Advanced age, male, higher UPDRS III scores, hallucination, RBD, smoking and hypertension increase the risk of PDD, whereas higher education is a protective factor for PDD.
- Parkinson’s disease
- Risk factors
Parkinson’s disease (PD), a heterogeneous neurodegenerative disorder in elder population, is characterized by cardinal motor symptoms including bradykinesia, rigidity, tremor and postural instability . Recently, increasing evidence shows that PD is a disease with many non-motor symptoms (NMS) including dementia, sleep disorders, mood disorders, urinary dysfunction, and olfactory disorders . Among NMS, Parkinson disease dementia (PDD) is one of the most common symptoms with a mean prevalence of 31.3 % in PD patients . Among general population, PDD incidence rate is approximately 38.7 to 112.5 per 1000 person-year among several cohort studies conducted in different regions [3, 4]. It has been suggested that PD patients who developed dementia tend to have increased health care burden, declined quality of life and increased mortality [5–7]. However, effective treatment for PDD is currently unclear . Being able to predict PDD development accurately would provide opportunities for intervention as well as novel treatments and might prolong survival .

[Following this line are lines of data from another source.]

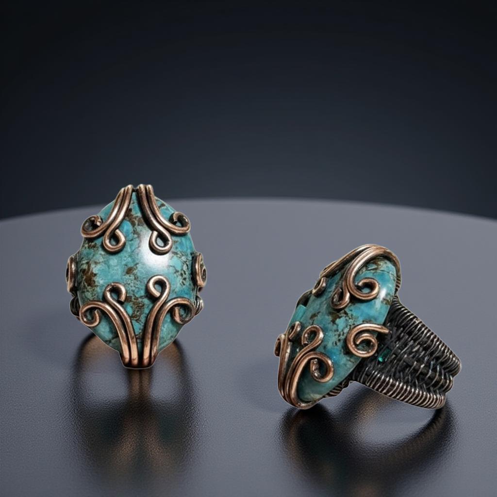 #echoofastone #vancouverislandmade #parksvillebc #wirewrappedjewelry #turquoisering #artisanmade #metaphysicaljewelry #handmadejewelry
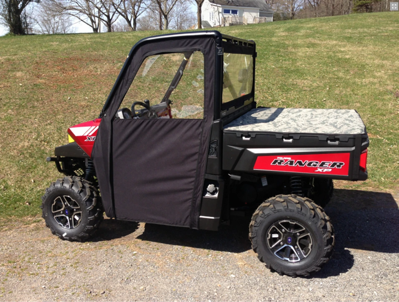 Polaris Ranger XP side enclosures feature 600 denier Polyester shell with automotive grade clear flexible acrylic side windshield sewn in upper section of doors .
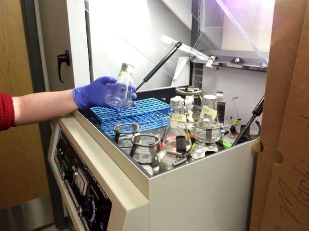 La bacteria utilizada en este ejemplo es un cultivo de Anabaena variabilis crece en 50 mL de los medios recomendados (BG-11o). Diferentes especies de bacterias crecen diferentemente en diversos medios y bajo otras condiciones, pero las condiciones de crecimiento correcto para cualquier bacteria dada es encontrar más allá del alcance de este instructable. En nuestra experiencia con esta bacteria particular, 50 mL es suficiente medio de tomar una muestra de 1 mL no afectará dramáticamente la capacidad de las bacterias para seguir creciendo ni overconcentrate las bacterias dentro de los medios de comunicación, que también frenaría la velocidad de crecimiento de las bacterias.
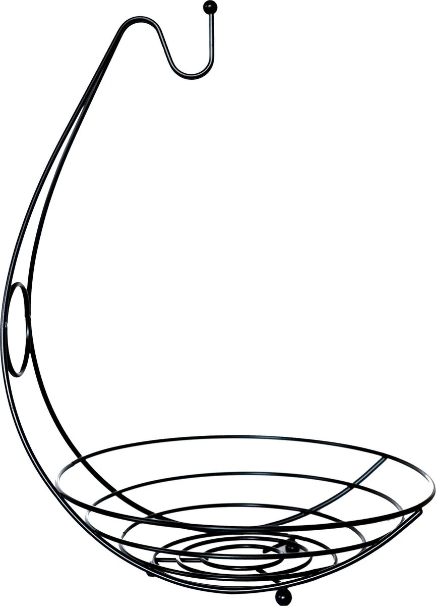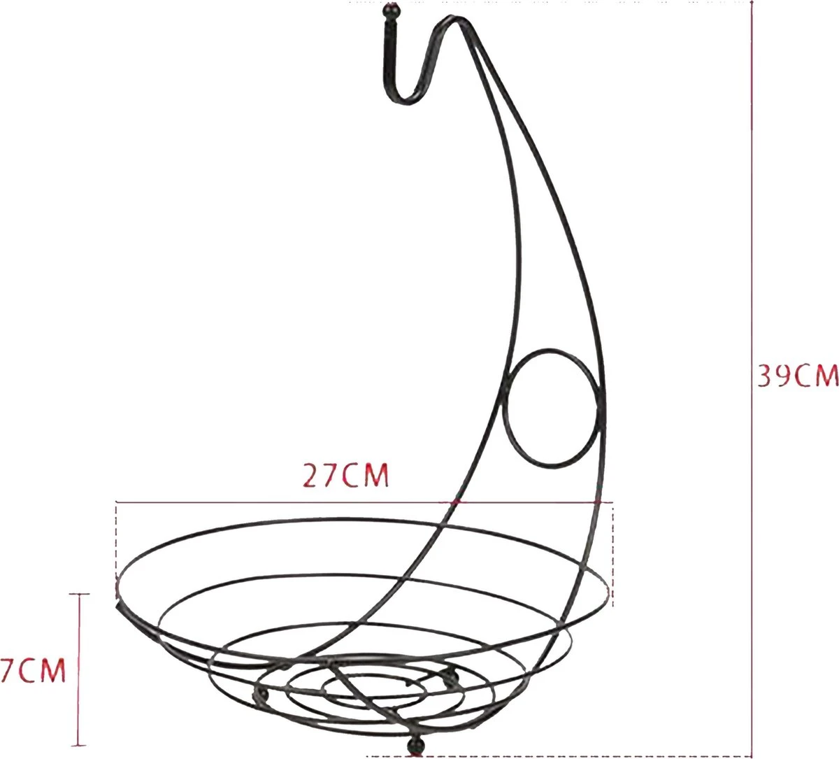 Een ruime, esthetische en stevige fruitschaal. Gemaakt van stabiel zwart metaal, erg handig in gebruik. Naast dat hij gebruikt kan worden om bijv. appels, peren en mandarijnen in de schaal te leggen kan je ook bananen of een tros druiven aan de bananenhouder hangen, wat er stijlvol uitziet. Ook groente passen goed in deze schaal. Het is overal in huis te gebruiken om fruit in te bewaren en/of een tafel of aanrecht sfeervol mee aan te kleden. Kan ook worden opgehangen.
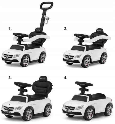 Jeździk Mercedes AMG C63 od Toyz to pojazd, który rośnie razem z dzieckiem. Może pełnić funkcje jeździka, chodzika i pchacza. Dzięki licencji marki Mercedes została wiernie odwzorowana unikalna stylistyka modelu C63 i jego jakość wykonania. Jeździk w sam raz nadaje się na wspólne spacery. Dziecko może poruszać się samodzielnie, a gdy będzie zmęczone rodzic z łatwością przejmie kontrolę nad pojazdem. Wysuwane podesty umożliwiają bezpieczne oparcie nóżek, a przed wypadnięciem chroni poręcz. Dodatkową atrakcją jest kierownica z melodiami i klaksonem. Rodzice docenią znajdujący się pod siedziskiem schowek na zabawki oraz uchwyt na napój umiejscowiony na rączce do prowadzenia.
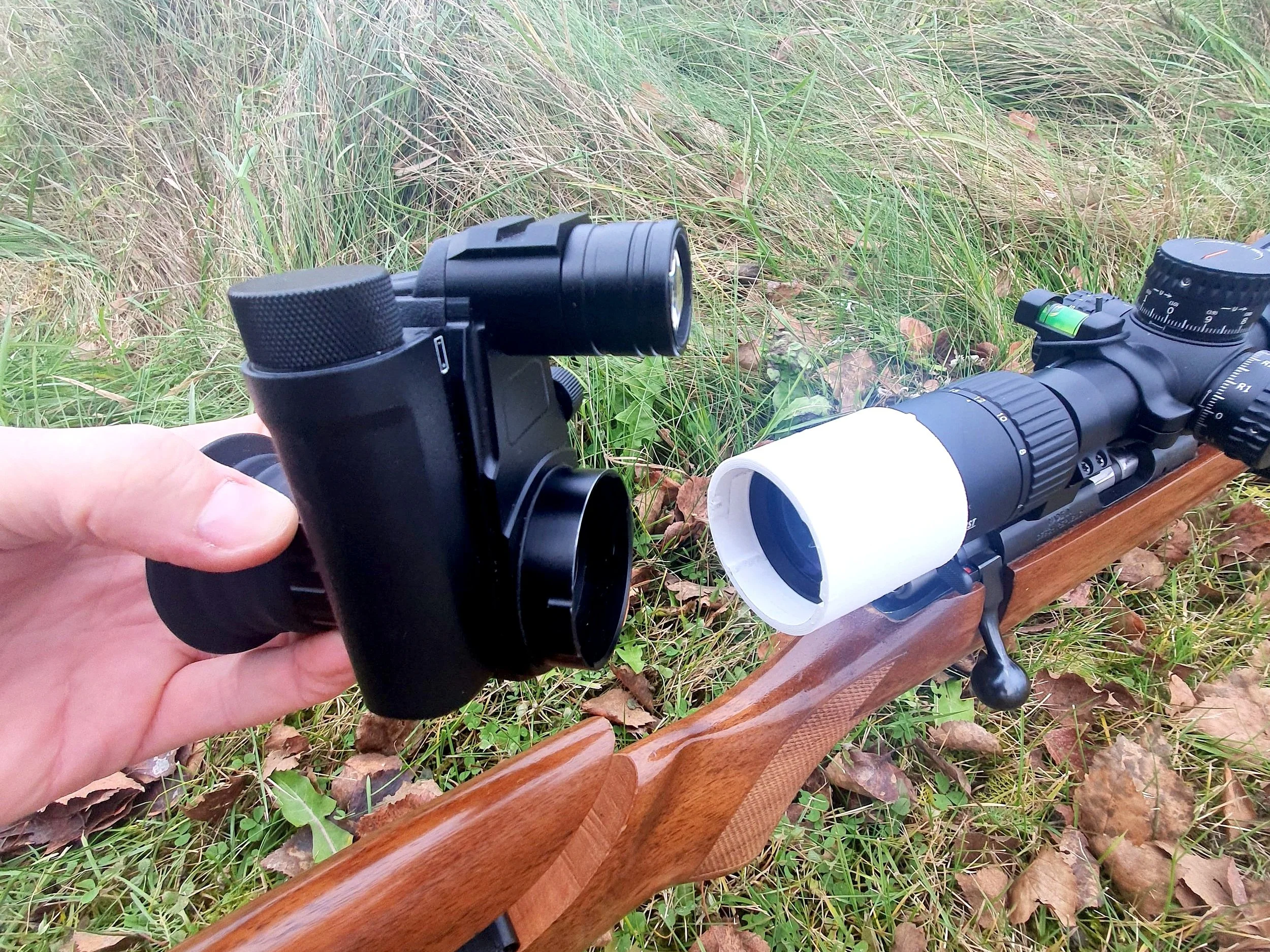 3D printed adapter for nattoptikk til et kikkertsikte.

Several demographic, motor and non-motor features have been identified as predictors for PDD. Advanced age is the most common risk factor for dementia and for later diagnosis of PDD in PD patients . More advanced disease stage as well as specific Parkinson subtype, the akinetic-rigid subtype, was found to be associated with increased risk for PDD, whereas the evaluation scales are not coherent [11, 12]. Some studies suggested that REM sleep behavior disorder (RBD), hallucination, mood disorders and olfactory dysfunction are strong predictors for PDD, but the results were not consistent across studies [13–15]. Up to date, no comprehensive meta-analysis on clinical risk factors for PDD has been conducted. A 2014 review on the predictors of PDD by Moore et al. summarized major study results on different risk factors, including clinical predictors, biological predictors, neuroimaging predictors and genetic predictors . In that previous review, the authors presented all possible influences of those factors on PDD, but did not provide quantitative evaluation of the predictors. In order to quantitatively evaluate the effects of different factors on PDD, we conducted this systematic review and meta-analysis via an extensive search of observational studies and a meta-analysis on multiple factors.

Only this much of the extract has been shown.